Brian Janous: Yeah, and it is very site specific and location specific. And it's application specific as well, as John was alluding to, with things like dispatchable workloads. Which is not the sum total of all workloads, as he was noting. There are workloads that do still need 24/7 uptime. But there's a lot of different ways to achieve that. And I think one of the challenges we have in the industry right now is most of these data center operators are very desperate for capacity. So they're going to utilities. They're asking for firm service. They want it delivered 24/7. And then that's then defaulting utilities into thinking about, "Okay, well, I guess we can build some gas plants to solve that." Rather than really peeling back the onion and looking at, "What are all the solutions that we have and all the tools that we have at our disposal?" Which includes things like grid-enhancing technologies, getting more out of the existing system, as Michelle was saying. How do we use storage more intelligently across the system to create more flexibility?

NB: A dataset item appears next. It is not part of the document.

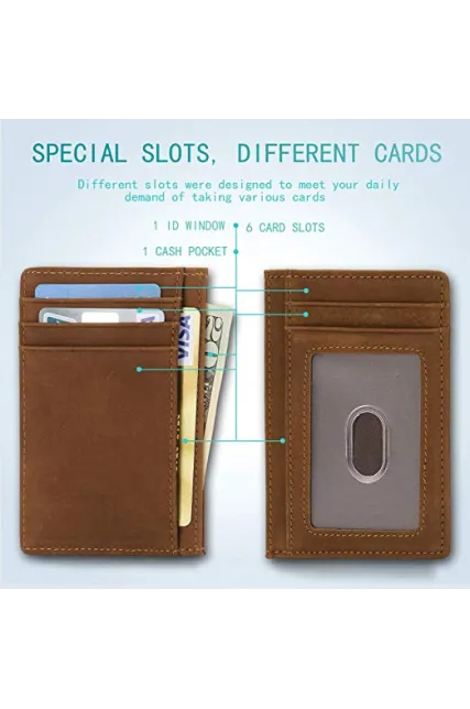 - ✔ MADE FROM ALL GENUINE LEATHER - These credit card holder are made from durable genuine leather, not easy to be ripped, looks classy and slim. Thickened transparent ID window, good permeability, waterproof and anti-friction, easy to check your card.

I mean, ultimately it's about how do we sort of even mimic flexible loads? Even if I'm a data center and I need 24/7 uptime, there's a lot of resources that data centers already have on their sites. They have generators, they have batteries. Those can be optimized and they can be expanded and they can be used to provide flexibility back to the grid. So a lot of this is just having more of a conversation between customers and utilities. And from my experience, those conversations are not happening at the level and depth they need to happen. But everyone recognizing that we are trying to manage growth along with peak system loads, which is really what we're trying to solve for. There's plenty of power most of the time. There's a number of hours a year where we don't have enough power. And so that's really what we're trying to solve for.

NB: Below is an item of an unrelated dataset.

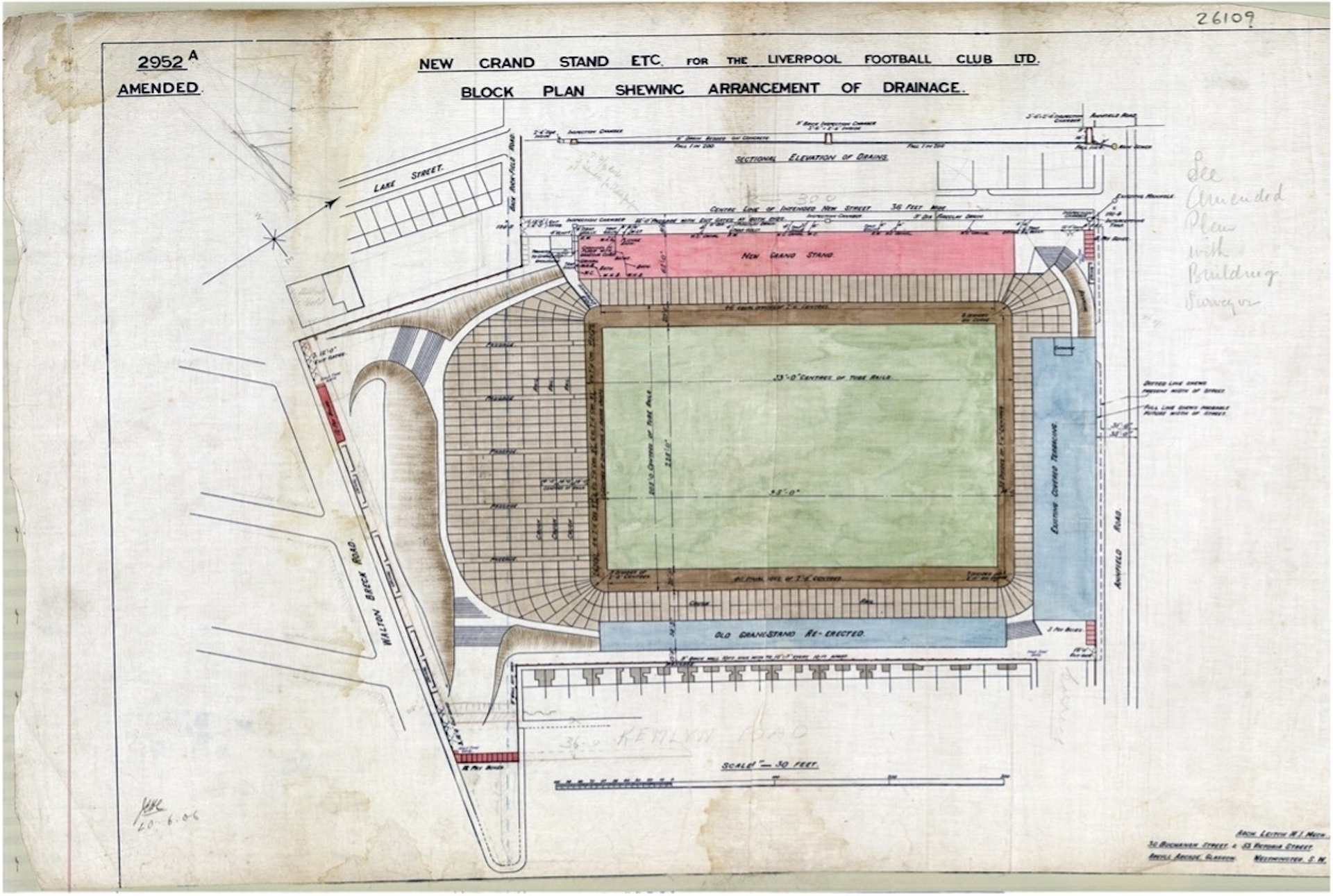 Ambiciózním projektem přestavby stadionu byl pověřen opět glasgowský inženýr Archibald Leitch. Stadion byl po konci sezóny 1905/1906 (ve které vyhrál Liverpool svůj druhý ligový titul) kompletně uzavřen.

And so do you build a combined-cycle plant that needs to run 40% to 60% of the time, or do you find a way to deliver more flexibility into the system? And I think that's the challenge that we have right now on how we meet this load growth in a way that, again, achieves the speed and scale demands of a lot of these customers and the imperatives with that, which are all good. I mean, we talk about this as this impending doom, but when we talk about load growth in the United States, it's a great thing. It means jobs, it means economic development, it means GDP growth. All these things are really good. It's just a matter of how we do it and can we do it in a way that meets the business demand and also keeps us on a trajectory to decarbonize the electricity system.

Stephen Lacey: And knowing what you know Brian about how to serve these pockets of demand, does it feel like we can serve them without building a lot of this new gas?

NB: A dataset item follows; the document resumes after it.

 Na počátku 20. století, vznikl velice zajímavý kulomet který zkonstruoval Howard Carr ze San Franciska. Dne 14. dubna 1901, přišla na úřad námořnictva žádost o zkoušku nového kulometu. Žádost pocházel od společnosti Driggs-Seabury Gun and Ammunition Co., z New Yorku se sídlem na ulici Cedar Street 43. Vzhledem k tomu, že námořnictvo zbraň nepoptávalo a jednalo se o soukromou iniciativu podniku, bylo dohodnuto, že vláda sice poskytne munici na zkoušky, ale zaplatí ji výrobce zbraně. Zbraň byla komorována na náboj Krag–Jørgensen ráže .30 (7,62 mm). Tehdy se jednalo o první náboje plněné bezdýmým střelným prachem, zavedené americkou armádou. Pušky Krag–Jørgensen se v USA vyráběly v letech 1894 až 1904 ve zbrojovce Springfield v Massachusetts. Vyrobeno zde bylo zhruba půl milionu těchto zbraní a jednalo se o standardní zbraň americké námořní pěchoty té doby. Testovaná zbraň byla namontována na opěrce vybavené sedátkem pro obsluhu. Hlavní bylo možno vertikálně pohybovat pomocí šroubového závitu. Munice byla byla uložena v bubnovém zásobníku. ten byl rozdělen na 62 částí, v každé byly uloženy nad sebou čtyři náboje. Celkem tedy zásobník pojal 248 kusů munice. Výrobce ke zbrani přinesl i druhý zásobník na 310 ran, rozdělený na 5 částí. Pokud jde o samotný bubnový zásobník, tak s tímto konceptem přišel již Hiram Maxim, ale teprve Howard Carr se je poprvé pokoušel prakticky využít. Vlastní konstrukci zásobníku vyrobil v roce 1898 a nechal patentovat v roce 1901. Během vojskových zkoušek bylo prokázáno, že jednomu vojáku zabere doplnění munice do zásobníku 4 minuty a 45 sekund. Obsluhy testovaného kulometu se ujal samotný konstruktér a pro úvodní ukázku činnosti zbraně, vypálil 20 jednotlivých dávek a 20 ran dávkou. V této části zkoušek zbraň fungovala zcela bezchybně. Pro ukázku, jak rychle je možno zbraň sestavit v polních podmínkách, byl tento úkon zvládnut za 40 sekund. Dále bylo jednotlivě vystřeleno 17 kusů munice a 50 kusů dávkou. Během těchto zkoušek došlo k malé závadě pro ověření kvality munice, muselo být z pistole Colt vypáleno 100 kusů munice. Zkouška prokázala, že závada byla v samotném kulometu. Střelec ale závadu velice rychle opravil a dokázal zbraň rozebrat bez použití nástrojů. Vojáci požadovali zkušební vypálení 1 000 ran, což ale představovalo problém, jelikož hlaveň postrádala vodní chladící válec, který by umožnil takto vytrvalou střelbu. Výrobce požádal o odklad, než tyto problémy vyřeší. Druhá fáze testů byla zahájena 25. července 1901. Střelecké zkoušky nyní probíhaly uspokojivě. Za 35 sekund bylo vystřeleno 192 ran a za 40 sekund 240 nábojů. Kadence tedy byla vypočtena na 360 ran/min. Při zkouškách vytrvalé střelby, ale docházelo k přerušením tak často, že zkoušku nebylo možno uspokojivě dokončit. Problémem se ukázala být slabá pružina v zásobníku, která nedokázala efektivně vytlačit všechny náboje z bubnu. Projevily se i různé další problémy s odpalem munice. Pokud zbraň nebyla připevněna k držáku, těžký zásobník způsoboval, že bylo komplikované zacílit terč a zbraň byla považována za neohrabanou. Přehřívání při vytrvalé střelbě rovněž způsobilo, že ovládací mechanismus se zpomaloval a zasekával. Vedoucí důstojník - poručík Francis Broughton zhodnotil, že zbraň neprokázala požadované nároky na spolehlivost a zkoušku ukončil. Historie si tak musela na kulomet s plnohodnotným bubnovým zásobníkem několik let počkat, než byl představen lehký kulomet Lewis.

Brian Janous: I think we can. I think there is a lot of levers that we have at our disposal. And I have empathy for my friends in the southeast. I know that they're under a lot of pressure and I know that they're at the tip of the spear here, because not only are they seeing a lot of demand from data center growth, they're actually where we're seeing a lot of demand for factories as well. So they're all under a tremendous amount of pressure to deliver for their shareholders, for their states as much as they can. But there are other levers that we have. And there are ways to manage this. And it just... It's going to take a little bit of time to really work through what are these solutions and how can we deliver on that scale. But I am optimistic that we will be able to create pathways where we can continue to grow the grid and we can do it in a way that is truly sustainable.

Stephen Lacey: So John, over to you. I'm going to weave in some comments here from the audience as they're sending them in. How much of this broader compute workload can you serve with batchable... Within these batchable data centers? And then someone asks, what are you seeing in interest levels from customers for these batchable data centers? What's the split for customers who only need batch ability and those who actually need these real-time 24/7 data centers?

John Belizaire: Great questions. Thanks for sending them in, folks. First thing I would say is you can serve all of it. If you took the approach that we're taking, which is a lateral approach, it's rethinking data centers. We're rethinking the source of power and we're rethinking actually demand response. All in one package. We're delivering that to a behind-the-meter project. And we're making it specialize for these types of processes. And just look at our pipeline alone. We're a young company and growing. We have over two gigawatts of this power that we are slowly developing and building out. And so if you look at the overall demand for AI alone, it's scheduled to get to five gigawatts of that this year. We think there's about 300 terawatt hours of this wasted energy on a global basis available every single year. And so to put that in context, this is not something that's scarce that we're sort of carefully finding as a company.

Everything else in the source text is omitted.